Placebos are used as controls in both short term and long term studies. Therefore, the difference in their effects can be derived from those studies.

2007-05-30 19:56:38 · answer #2 · answered by x4294967296 6 · 0 0

No. the only thank you to legitimately try them could be a "undertaking study" in which you're taking a set of vaccinated human beings and a set of unvaccinated human beings and then demonstrate them to the illness virus.

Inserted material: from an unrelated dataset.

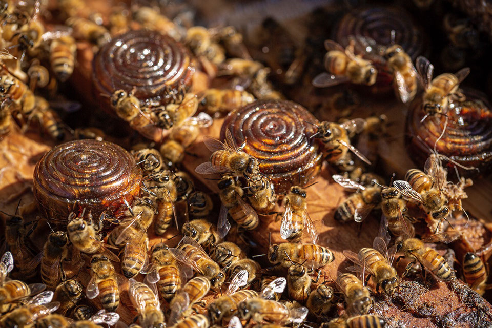 花園養蜂場の秘密の餌かも知れないが、松本さんは人工花粉や砂糖水の他に黒糖飴を与えている。「3、4日で食べきっているね。
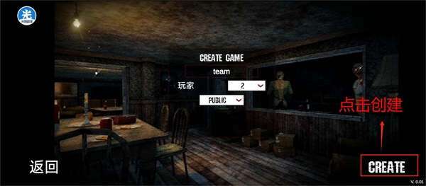 1、点击“CREATE GAME”选项,准备建立专属房间

This has never ever been finished. you will discover that vaccination is fairly a pseudo-technological know-how that doesn't stay as much as the hype or claims by potential of the manufacturers. while somebody is vaccinated and nevertheless gets the illness they declare that the vaccination could have been a bad batch, the guy already had the illness, and so on. there is often some excuse. meanwhile, the manufacturers have vigorously tried to get law handed to allow them to steer sparkling of criminal duty for injury and have been valuable in many circumstances. There are actually not any impartial self reliant analyze. basically a set of pseudoscientific crap.

2016-10-30 07:38:16 · answer #3 · answered by Anonymous · 0 0

What is called placebo in some studies are vitamin preparations over the counter.
Some are sugar plus tablet/gelcap fillers.
I think that "placebos" are done in conjunction with a "real" pill.
The very reason for blind studies with a placebo is that they effect is done in measurable time, not over an indefinite lengh of time.

The short answer is NO, what for?

2007-05-30 20:00:21 · answer #4 · answered by QuiteNewHere 7 · 0 0

you will gain a lot of weight thry are sugar pills.